马一浮的意思是,书院必须是纯粹的学术机构,完全社会化,允许自由教学,不受政府干预。马一浮在与政府谈话时提出三个前提:第一,书院不应该纳入现行教育体系;第二,春秋时期除了祭祀祖先外,不举行任何仪式。第三,不参加任何政治活动。当局居然一一同意了。蒋介石和陈立夫明确表示“一向以礼相待”。并拨出启动费用3万元,每月资助3000元。
1939年1月下旬,马一浮终于接受了条件,到四川应聘。
设立祭坛
1939年3月,学院董事会成立,正式聘请马一浮为讲师,负责学院事务。
马一浮立即向国民政府行政院提出《义理名相》。他写道:“古代的书院,只是以地名命名,如鹅湖、白露洞等。现代的书院,只有名义上的名称,如训诂、尊经等。意思是说,学术与人之所以有分歧,是因为沉迷于所学的东西,才会变成这样……”
如何还原自然,马一浮解释道:“正义的本质就像泉水,在山谷中升起时,清澈明亮,流入田野,渗入大量沙土,变得浑浊。”经过下面的工作,沙子过滤了,水就清澈了,原来的水还是原来的样子,学者们努力把水去掉,恢复到原来的状态,这就是古人所说的变。气质。
该学院是一个社会学术团体。筹备委员会、董事会、基金托管委员会均由陈布雷、瞿英光、梁漱溟、谢无量、赵熙、熊十力、寿等认同学院宗旨的社会贤士、名人组成。亦诚、沈尹默、何昌群、梅笛生、沈敬忠等。但人们对书院的认识并不一致。
这些人中,马一浮最依赖的就是他的挚友熊十力。书院一成立,熊十力就被列为创始人。他也尽了自己的一份力量,表现出了极大的兴趣。然而,两人对于办学的目的和办学方式却有着截然不同的想法。
学道与出路之争
马一浮认为,书院的目的是学道,而不是谋生。如果以预定的出路为使命,那么读书人就会有“卑微的志向”; “在西方,学位就相当于古代在中国进贡,为什么这么珍贵呢?” “昔之翰林,今之博士,于人无用。”熊十力不同意马一浮的想法。他担心学生与世隔绝,没有未来;学生毕业后也应获得类似学位。必须得到政府的批准。两人交谈甚欢,气氛相当热烈。
熊十力与马一浮
1939年夏,熊回信并辞去合同,转学到西南联大。他不来乐山的借口是风水的问题。他认为,如果进入四川,自己的位置就不对,可能会遭遇厄运。马一浮精通侃宇的面相,能够一一分析,而熊十力则无法表达自己的情绪。

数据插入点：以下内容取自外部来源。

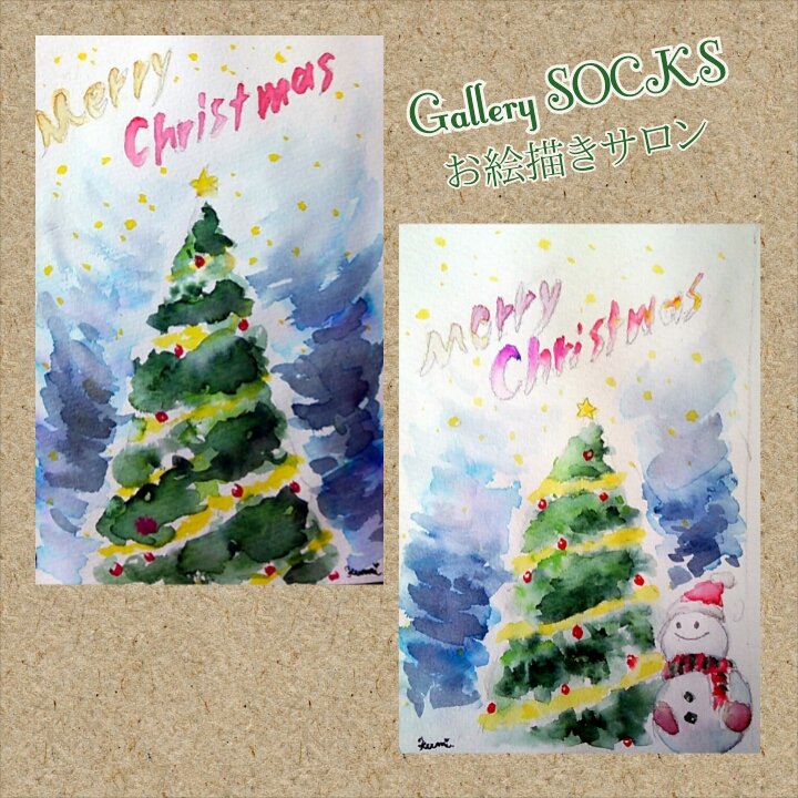 ギャラリーソックスあやめ池 on X: "こんにちは ^o^先日のお絵描きサロン での作品です♪ クリスマスカードを作りました♪水彩絵手紙生徒募集中菖蒲池 https:t.co LeoSe04d8R"X。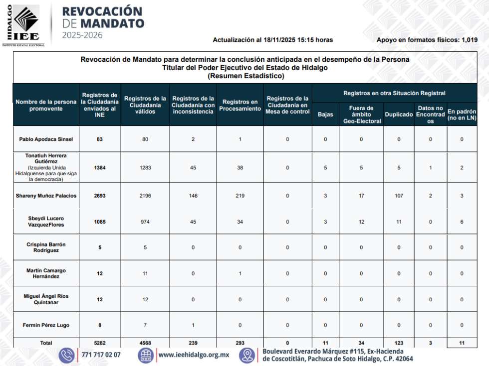 A 10 días de que termine el plazo para recaudar firmas del 10% del padrón en Hidalgo para hacer válida la solicitud de Revocación de mandato del gobernador Julio Menchaca, entre los registros válidos y aquellos que se encuentran en procesamiento se cuenta con menos del 2% de las requeridas, esto es, menos de 2 milésimas partes del padrón total de votantes en la entidad.

争论变成了争论,但马一浮仍然坚持要熊十力来。 1939年农历七月十二日的信中,他附上了正式的任命书和100元人民币的船费。熊十力无奈,今年7月底就出发了。
《安什·普伦》
古时,君王以高车马迎接贤能之士。为了使马车行驶平稳,车轮上还包裹着蒲草,故名“安车普伦”。据说,马一浮一行从重庆到乐山都颇有名气。当局专门安排了一辆大车来接他们,当地群众也组织群众在路边迎接。相当古老的礼俗。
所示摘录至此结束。